- Born: October 2, 1921 Illinois, U.S.
- Died: November 29, 1983 (aged 62) Oceanside, California, U.S.
- Cause of death: Murder
- Awards: West Coast Stock Car Hall of Fame (2006)

NASCAR Cup Series career
- 39 races run over 16 years
- Best finish: 45th (1960)
- First race: 1954 Race 6 (Oakland)
- Last race: 1970 Motor Trend 500 (Riverside)
- First win: 1960 Race 37 (Sacramento)
| Wins | Top tens | Poles |
| 1 | 7 | 1 |

ARCA Menards Series West career
- 165 races run over 17 years
- Best finish: 3rd (1963, 1967, 1968)
- First race: 1954 Race 1 (Oakland)
- Last race: 1970 Race 9 (Craig Road)
- First win: 1960 Race 12 (Sacramento)
- Last win: 1969 Race 6 (Tri-City)
| Wins | Top tens | Poles |
| 5 | 89 | 8 |

= Jim Cook (racing driver) =

American racing driver (1921–1983)

James Preston Cook (October 2, 1921 - November 29, 1983) was an American stock car racing driver who competed in the NASCAR Grand National Series and NASCAR Pacific Coast Late Model Division. Born in Illinois, Cook lived in Boston before relocating west across the United States to Norwalk, California.

==Biography==
Cook began racing in Boston. He moved to the Western United States in the early 1940s. He had a successful short track racing career in Southern California, primarily driving for owner Floyd Johnson. Cook made 39 starts in the NASCAR Grand National Series from 1954 through 1970. Most of Cook's starts were in West Coast races during the time the races counted for both Grand National and NASCAR Pacific Coast Late Model Division points, though he did compete in the inaugural World 600 at Charlotte Motor Speedway and in the 1964 Daytona 500 and Richmond 250. After this foray, his Grand National starts were limited to an annual start in the Motor Trend 500, then held each January at Riverside International Raceway. He did compete regularly in the Pacific Coast Late Model Series, primarily driving for owners Floyd Johnson or Cos Cancilla, finishing in the top-ten in points eight times between 1956 and 1969, with a best points finish of 3rd on three occasions (1963, 1967 and 1968). He had five career victories in the Pacific Coast Late Model Series, the last one coming at Tri-City Raceway in West Richland, Washington in July 1969.

Cook scored one career win in the NASCAR Grand National Series at California State Fairgrounds in Sacramento, California on September 11, 1960. The 100 mile race took place on the one mile dirt oval.

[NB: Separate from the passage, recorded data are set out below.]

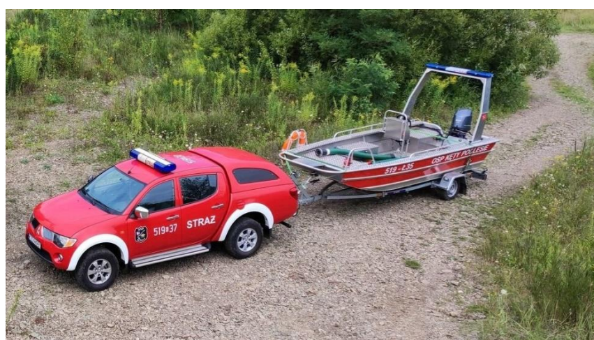
Mitsubishi L200 OSP Kęty Podlesie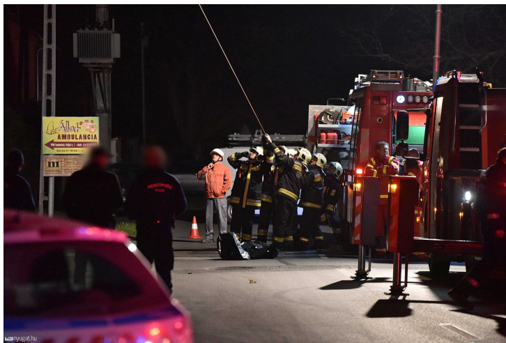
Még több kép a galériában

Azt már a közeli klub vendégeitől tudtuk meg, hogy az áldozat a közelben lakott. Elmondásuk szerint a 30 éves férfi korábban többször beszélt arról, hogy véget vet az életének, de csak pillanatnyi rosszkedvnek tudták be a baljós szavakat.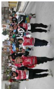
Elbarte gastronomikoetik adin gazteak korrikarak izan zituzten.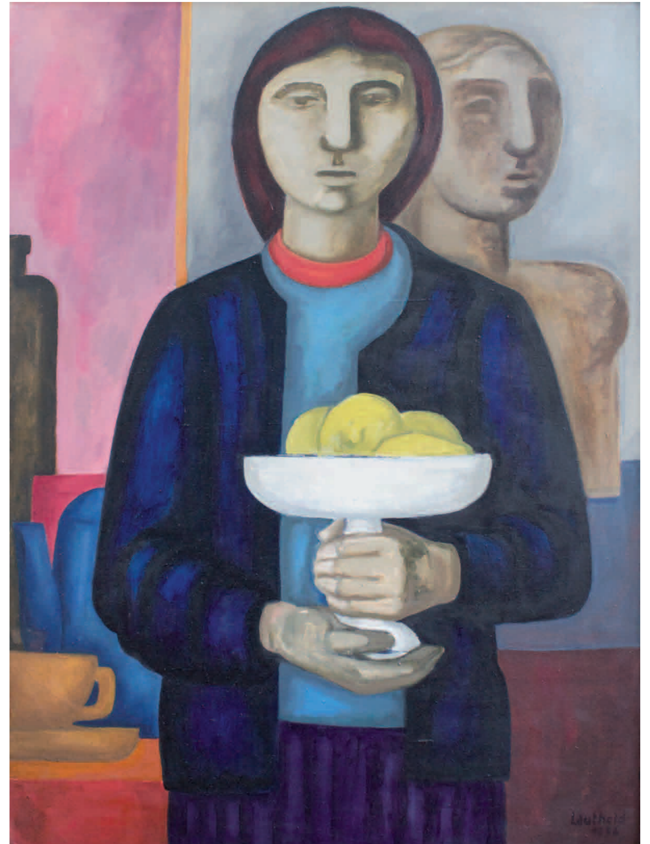
Frau mit Obstschale 1956 · Öl auf Leinwand · 90 x 67 cm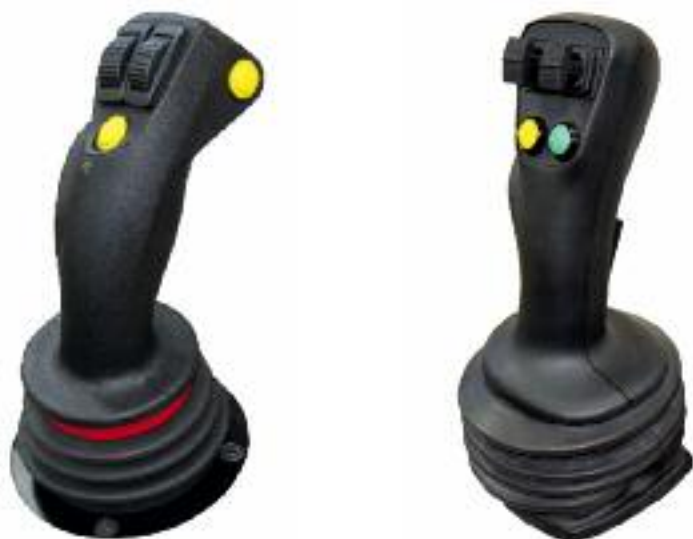
Joystick DUA (fås med hjul eller vippekontakt)

Alle bevægelser af Armklipperen betjenes proportionalt. Med tasterne integreret i joysticket kan du aktivere forskellige funktioner såsom aflastning, flydestilling, Tasttronic, niveauskift eller udstyrsskift.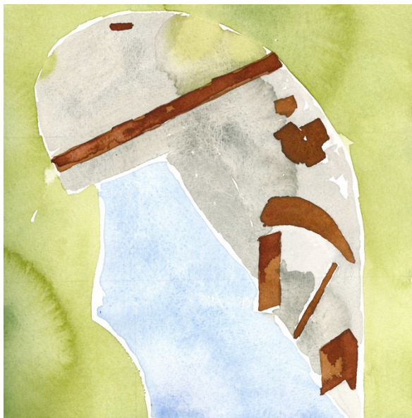
Nanjing, 2008, watercolor on paper, 25x23.5cm

— すべては「一」から始まり、絵も書も「一」に集約される。つきつめるところ一本の線であり、そこにすべてが表される。（石濤「画語録」より）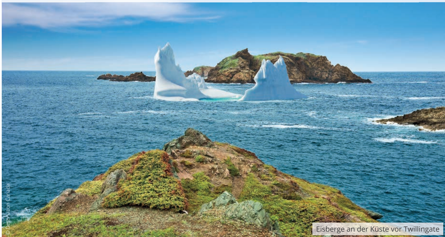
Eisberge an der Küste vor Twillingate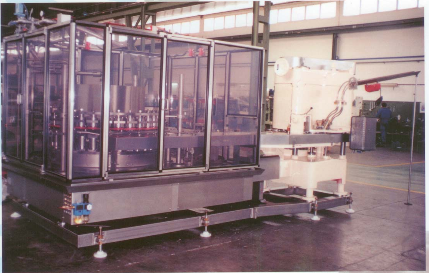
FMC 652 & FMC XLV30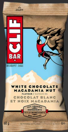
CHOCOLAT BLANC/ NOIX MACADAMIA 12X68G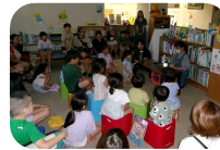
昨年のおはなし会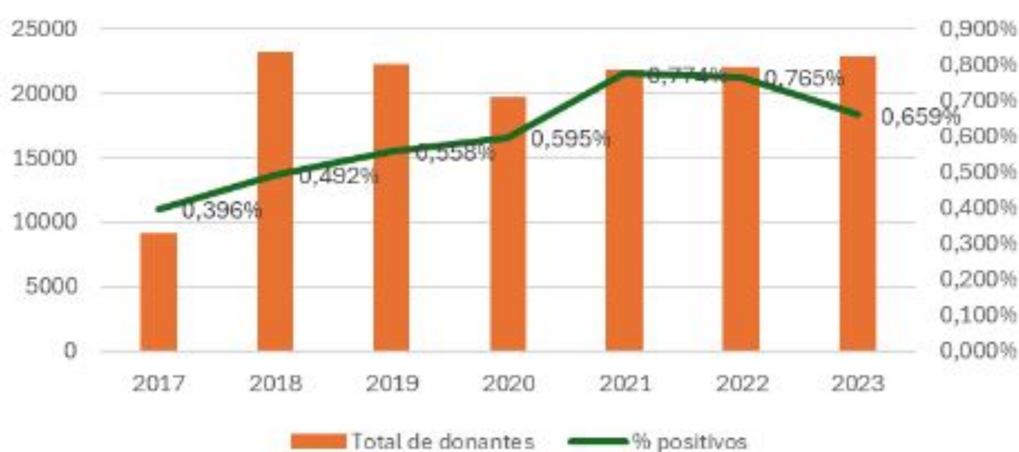
Evolución de cantidad de donantes vs tasa de positivos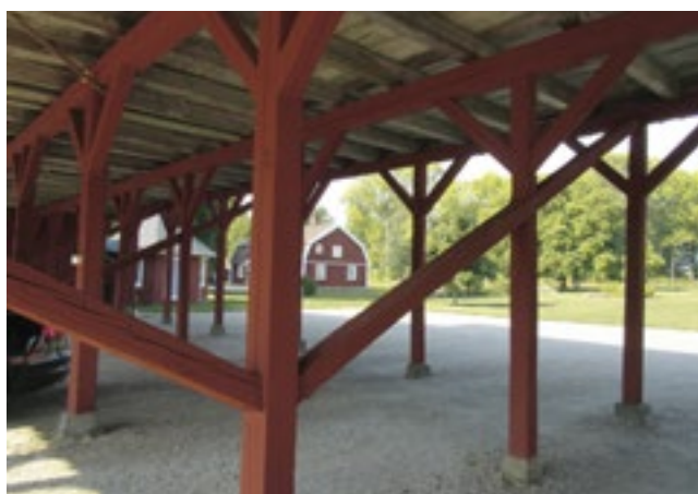
Vagnslidret, med dasset och kuskbostaden i bakgrunden.

Den nya byggnaden uppfördes av timmer och taket täcktes av papp. Både synliga bjälkar och gavlarnas brädväggar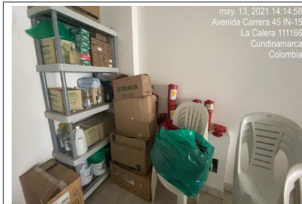
Foto 1: Área de bodega, acopio de contenedores, mobiliario y guardianes de residuos infecciosos cortopunzantes.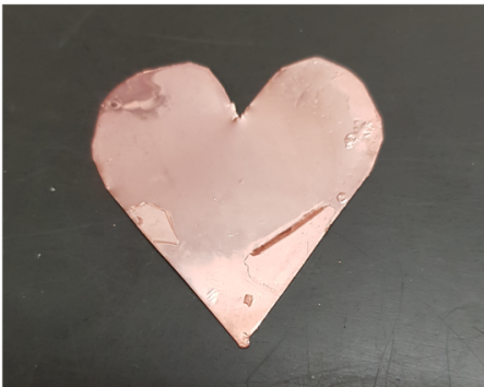
A megtisztított szív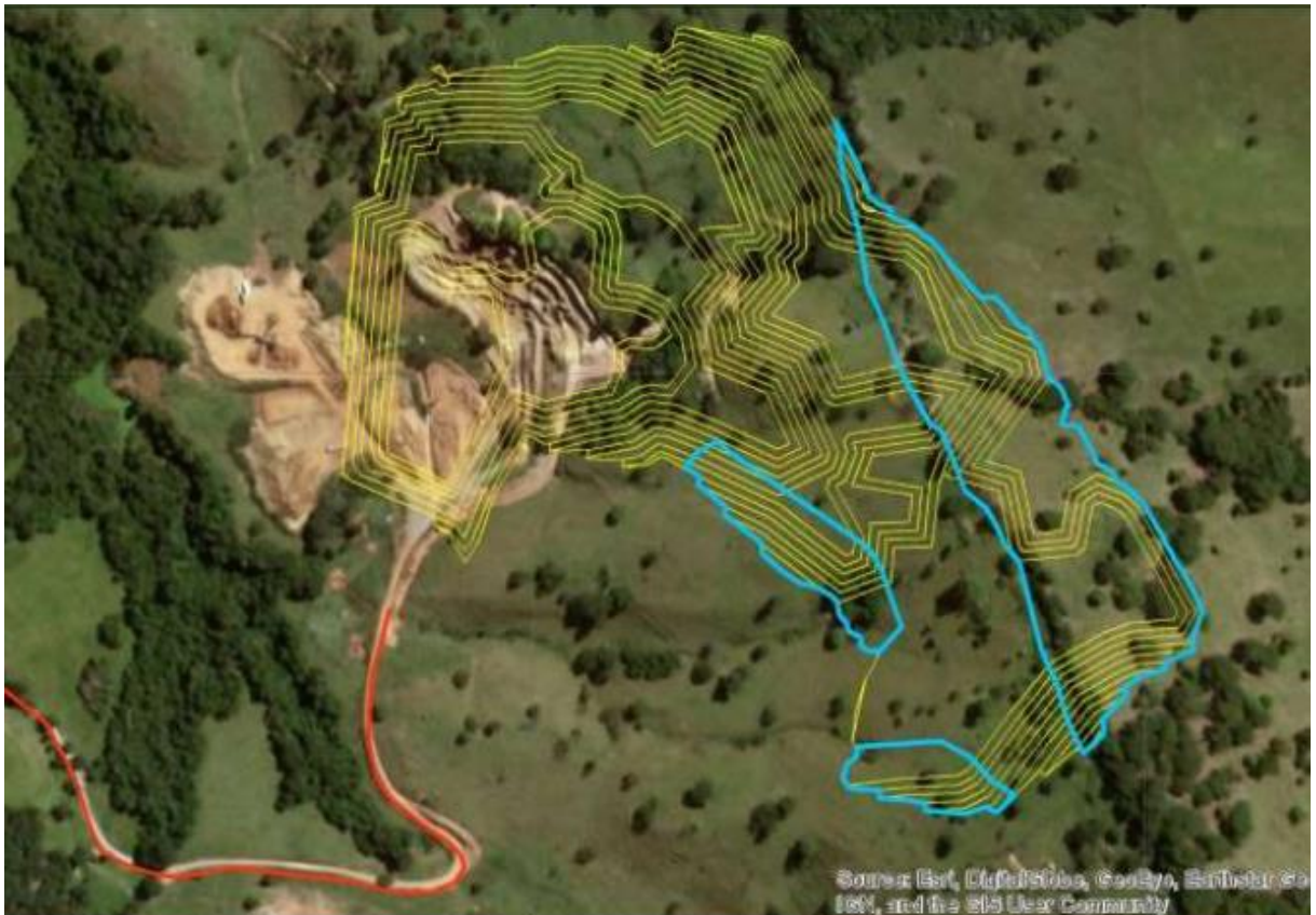
Figura 2 - Área de ampliação da cava

A pilha de estéril existente, denominada “Belém”, passará dos atuais 3 ha para 12,31 ha , como mostra a figura a seguir.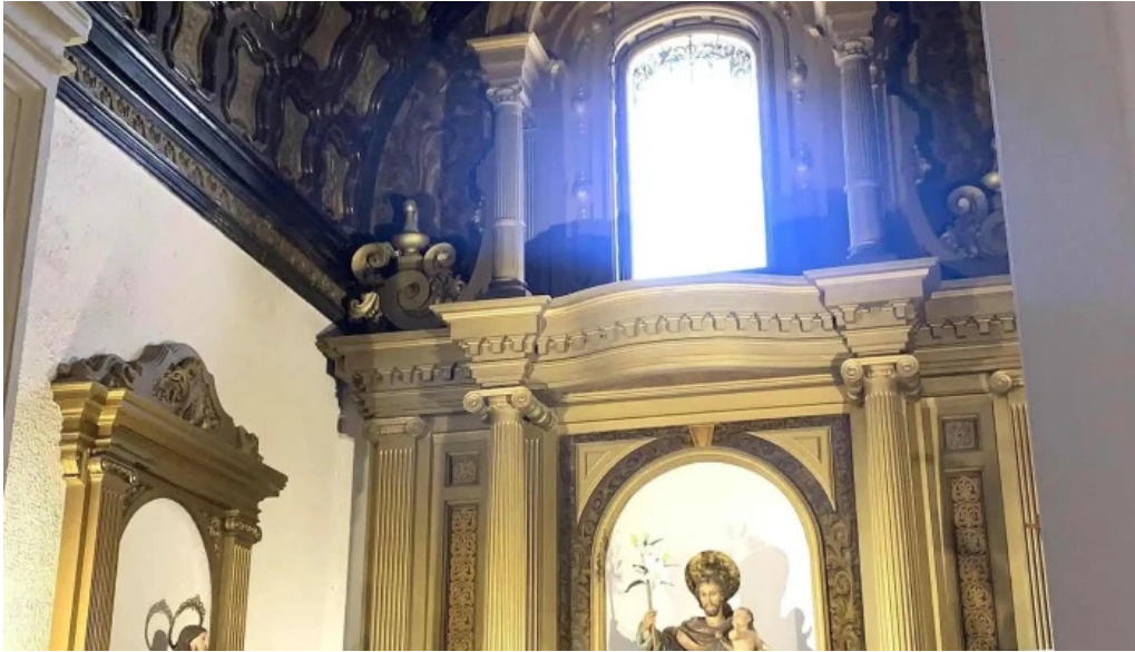
Catedral de san juan bautista de albacete comentario 7

Cook, driving Floyd Johnson's Dodge, edged Scotty Cain's T-Bird.

Cook's racing career came to an end when he was severely injured in a crash during the 1970 Motor Trend 500 at Riverside International Raceway on January 18, 1970. His Ford crashed into the end of the turn 9 wall and he suffered head trauma and many broken bones. He would make one final start in the renamed Grand National West Series at Craig Road Speedway in August, finishing twenty-first after a crash.

After his Riverside accident left him using a wheelchair full-time and with large medical and hospital bills, benefit races were held for Cook at Southern California tracks.

Cook was murdered on November 29, 1983, by a drifter who broke into his Oceanside, California apartment and beat him to death with one of his racing trophies.

In 2006, Cook was inducted into the West Coast Stock Car Hall of Fame.